● **EXERCISE OBJECTIVE**
Up to and including the line that contains "被非法关押在四川省嘉州监狱迫", repeat the entries below exactly from the first line on. Do not carry over any pictures.

(THE DATA)

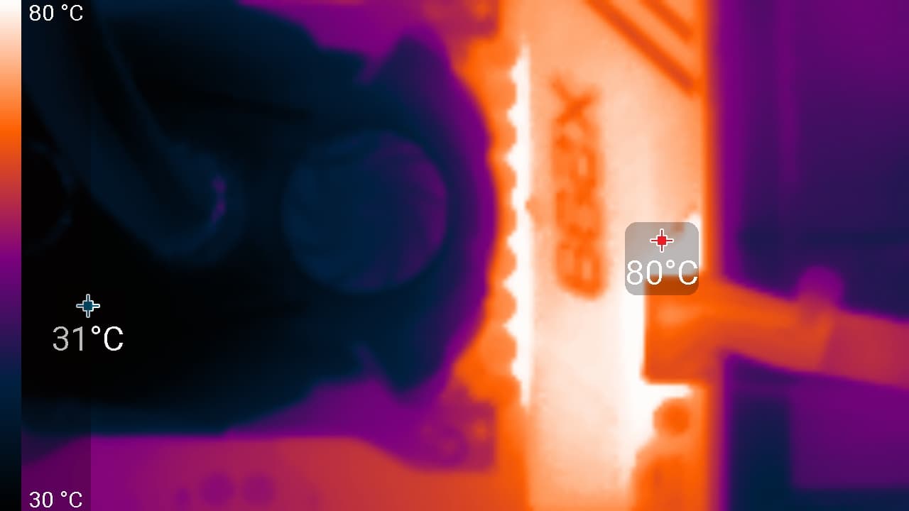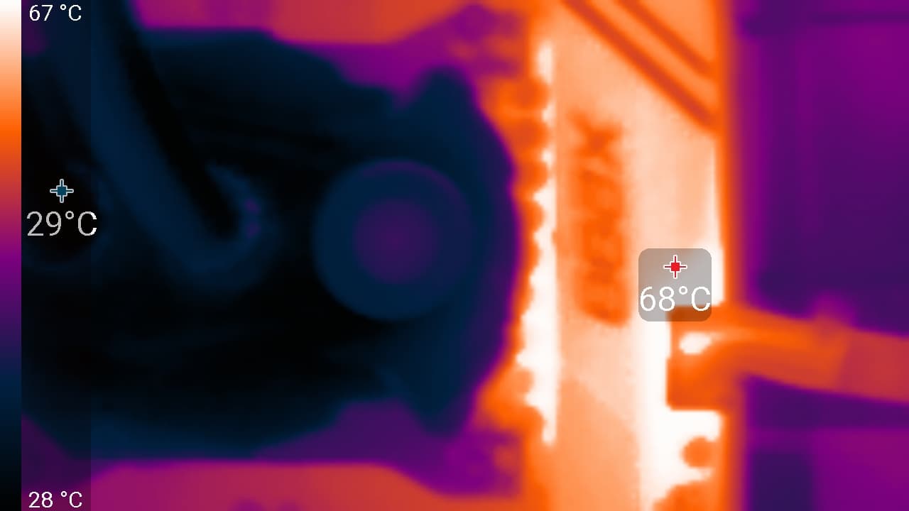 Проведем практический тест. Сначала заблокируем вентилятор на помпе, и хорошо прогреем VRM (описание нагрузки есть ниже). Потом снимем блокировку и через несколько минут посмотрим, насколько снизится температура радиатора VRM:
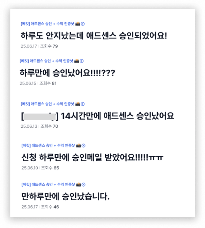 저는 글은 평균만 써도 승인받을 수 있도록 사이트 구조를 설계하거든요.
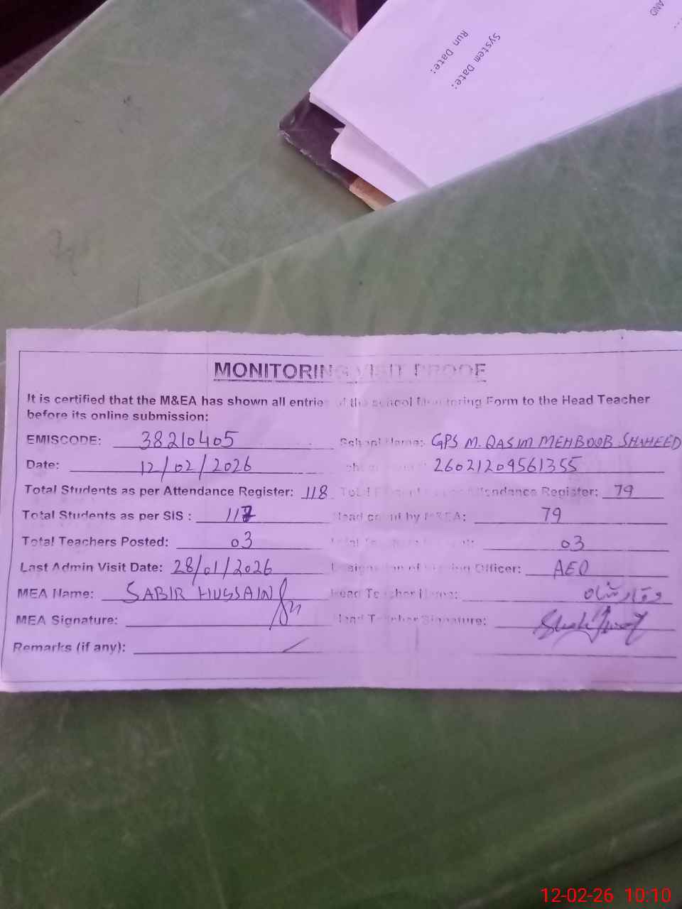 | Remarks (Use Separate Page if Required): no teacher absent total students on register 118 total students on SiS 117 last admin visit by AEO on 28 Jan 2026 | |||||
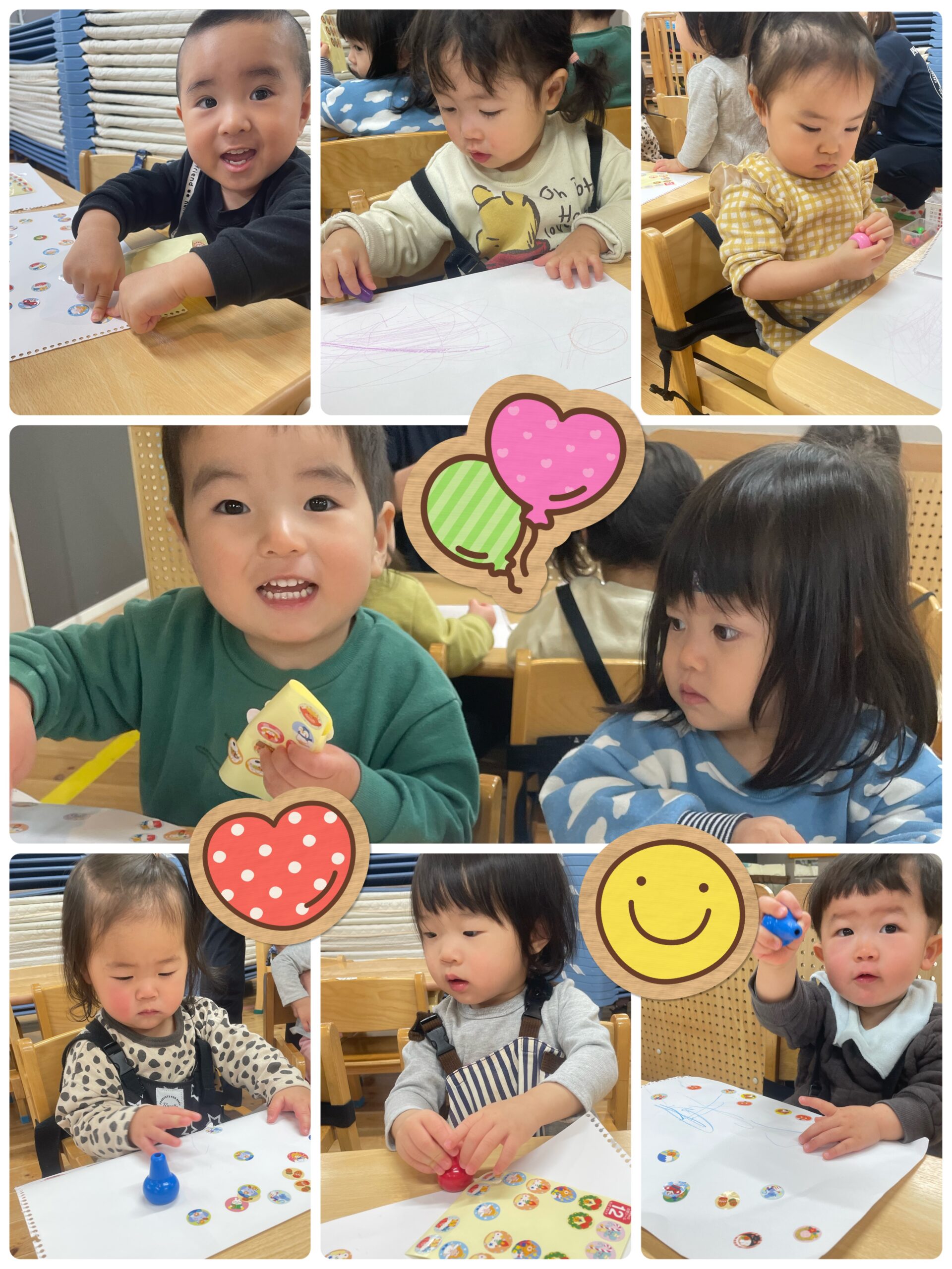 ひよこ組・りす組さんはシール貼りとお絵描きに挑戦しました🌈
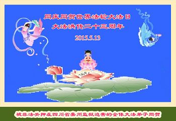 被非法关押在四川省嘉州监狱迫害的全体大法弟子同庆同贺世界法轮大法日!恭贺大法洪传二十三周年!
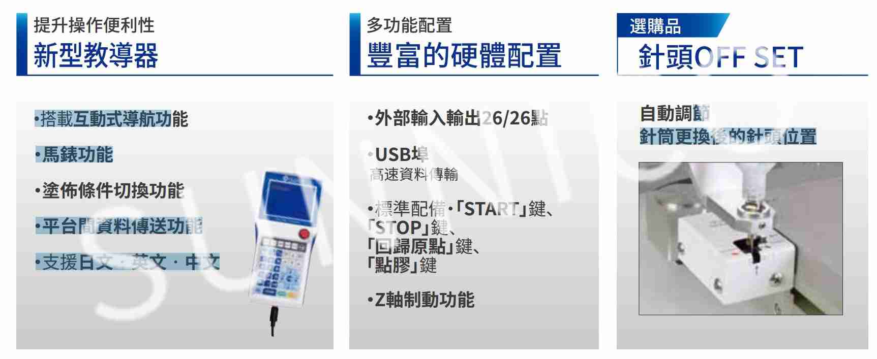 高精密點(diǎn)膠機(jī) 非接觸式噴射點(diǎn)膠機(jī) 高性能(定量)螺桿式點(diǎn)膠機(jī) 容積定量式數(shù)位點(diǎn)膠控制器 桌上型視覺(jué)點(diǎn)膠平臺(tái) 桌上型涂布三軸工作平臺(tái) 數(shù)位膠閥控制器 精密膠閥

(End THE DATA)

● **REPLY**
 Проведем практический тест. Сначала заблокируем вентилятор на помпе, и хорошо прогреем VRM (описание нагрузки есть ниже). Потом снимем блокировку и через несколько минут посмотрим, насколько снизится температура радиатора VRM:
 저는 글은 평균만 써도 승인받을 수 있도록 사이트 구조를 설계하거든요.
 | Remarks (Use Separate Page if Required): no teacher absent total students on register 118 total students on SiS 117 last admin visit by AEO on 28 Jan 2026 | |||||
 ひよこ組・りす組さんはシール貼りとお絵描きに挑戦しました🌈
 被非法关押在四川省嘉州监狱迫害的全体大法弟子同庆同贺世界法轮大法日!恭贺大法洪传二十三周年!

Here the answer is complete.